By Pearl Wu
With Twitter recently announcing that employees can stay remote workers after stay-at-home orders lift, the coronavirus epidemic may shift how and whether companies lease office space in the future.
According to a report by The Verge, another major tech company, Square, also followed in Twitter’s footsteps and announced that its employees will also stay remote workers after quarantines are lifted.
However, not all employees and companies may follow suit. According to a report by JLL, only 4.9% of office employees would prefer exclusively working from home permanently. About 60% of office workers would prefer to work remotely a portion of the week, and still go into an office the remainder of the week. And 34.5% expected to return to working in an office as they had done before the pandemic hit.
For those companies that still envision an office space for their employees, workspaces and offices will need a redesign. The trend in the last decade in offices went toward open concept layouts, such as benching, where workers sat in close proximity to promote collaboration.

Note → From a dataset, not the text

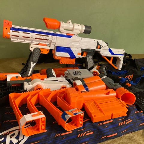 En nerf pistol som kan skyder rigtig langt den skyder en patron af gangen
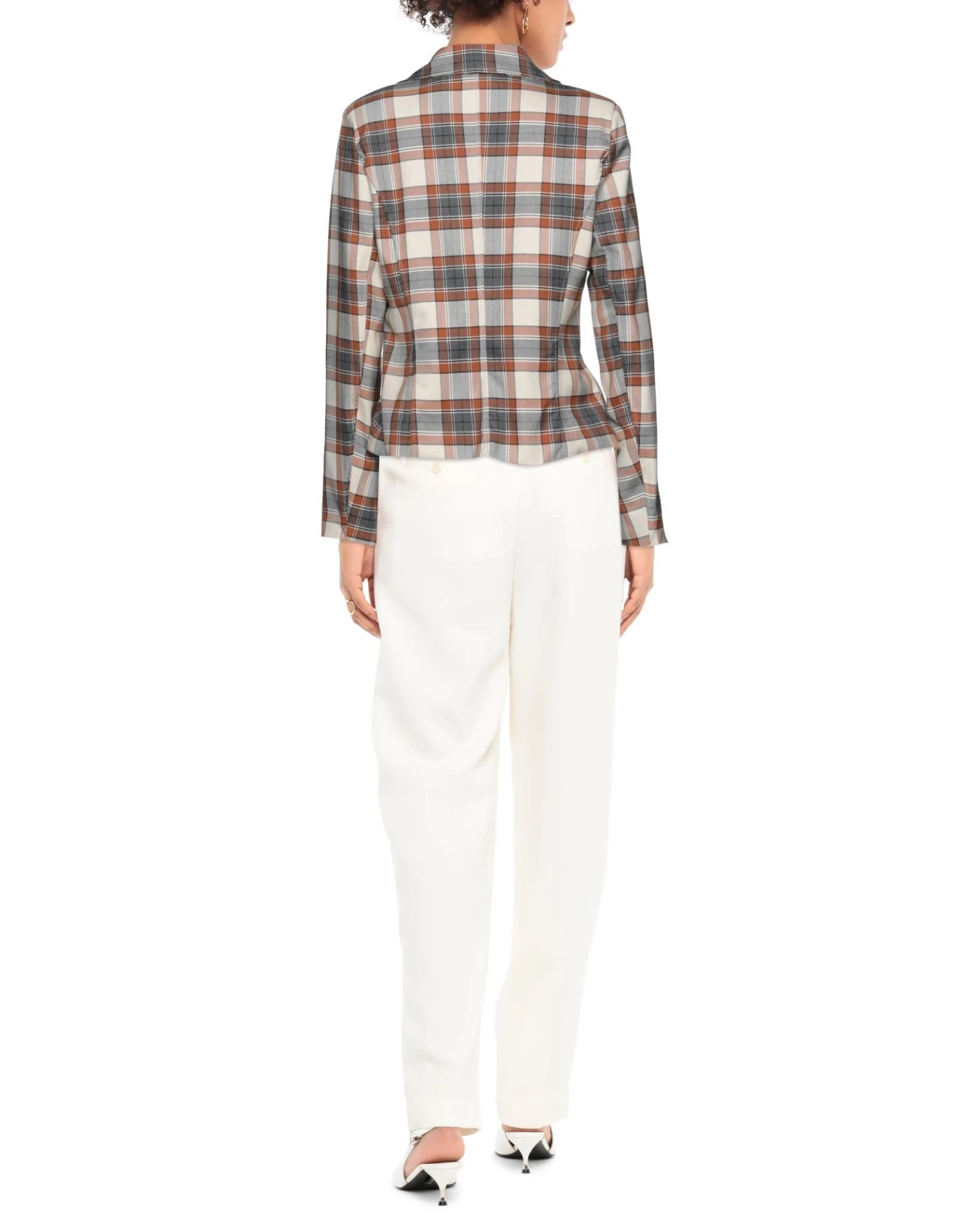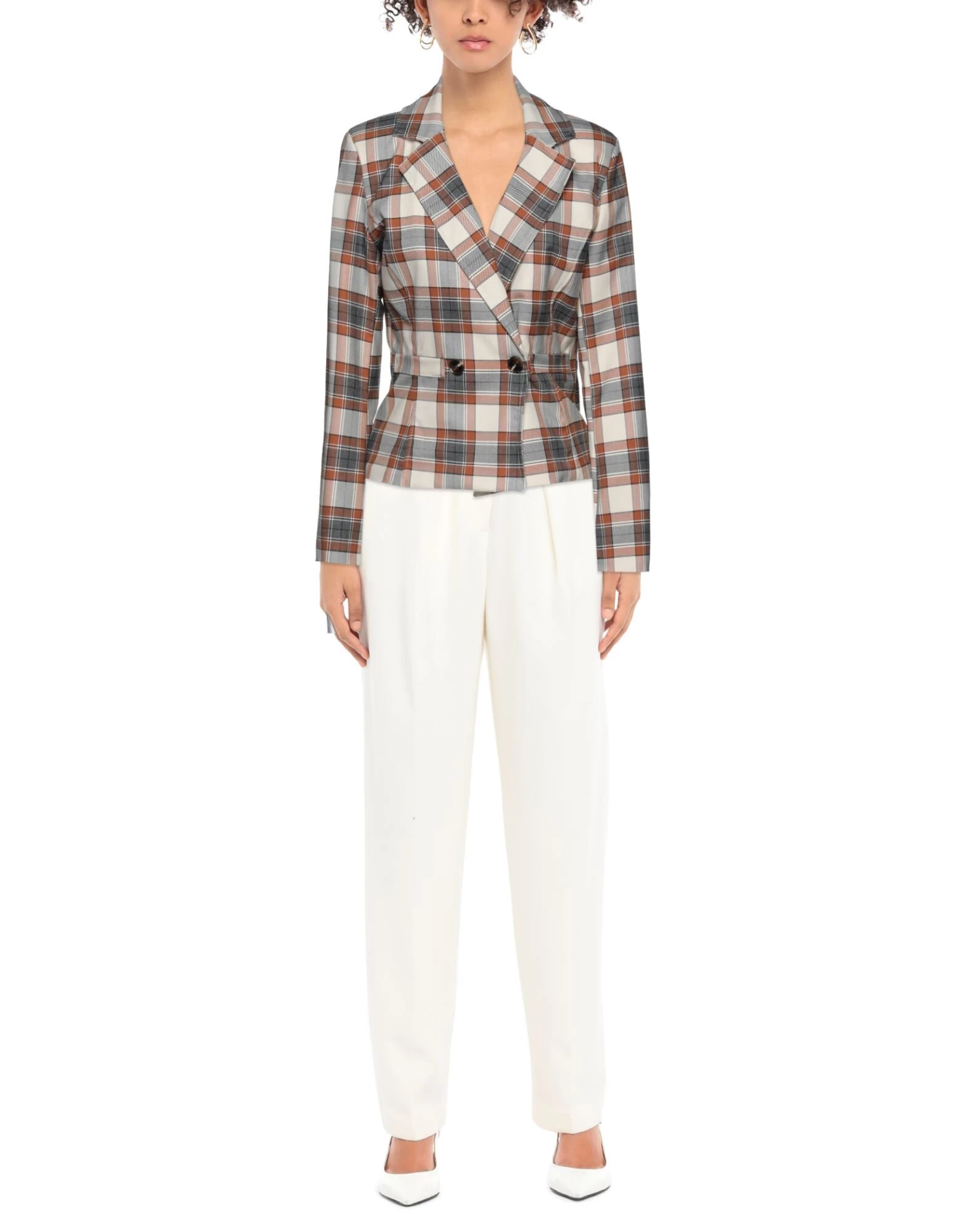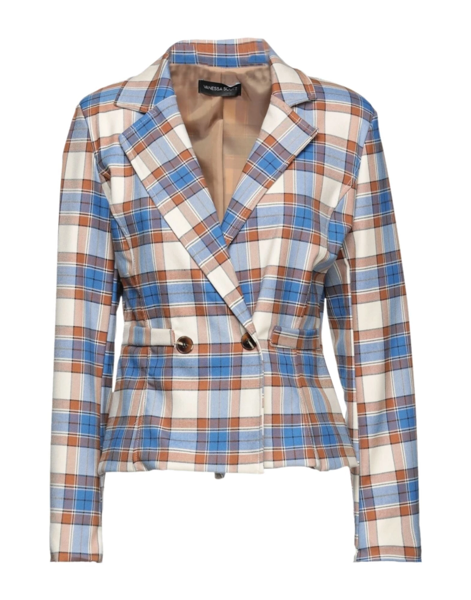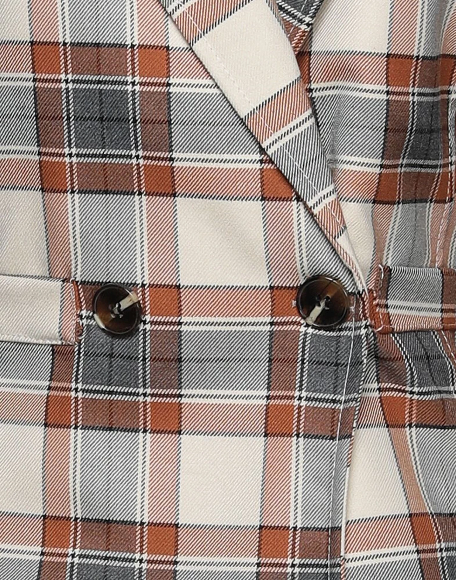 plain weave, no appliqués, lapel collar, tartan pattern, double-breasted, long sleeves, 2 buttons, multipockets, stretch, fully lined

Cushman & Wakefield predicts that trend will change, and unveiled their “6 Feet Office Project” this year, which includes redesigned workstations where employees maintain a distance of six feet, disposable placemats, unique clockwise walkway routes for each office, new rules of conduct that incorporate social distancing rules, and a “6 Feet Certificate” given to a company that successfully implements the project. Office furniture companiesSteelcase and Herman Miller also predict a change, with both companies releasing reports and guides on post-Covid-19 office layouts on their web sites.
A Gartner survey of 229 human resources leaders reported that about 41% of employees will work remotely at least part time once stay-at-home orders are lifted. The drop in employees needing physical desks in office space may lead to a drop in office space renewals. CBRE’s report showed that commercial leasing activity fell by 18% since the fourth quarter in 2019, and was down 14% from the past year. The US office vacancy rate rose to 12.3%, though there was an increase in lease renewals as companies opted to stay in place instead of moving to new office space.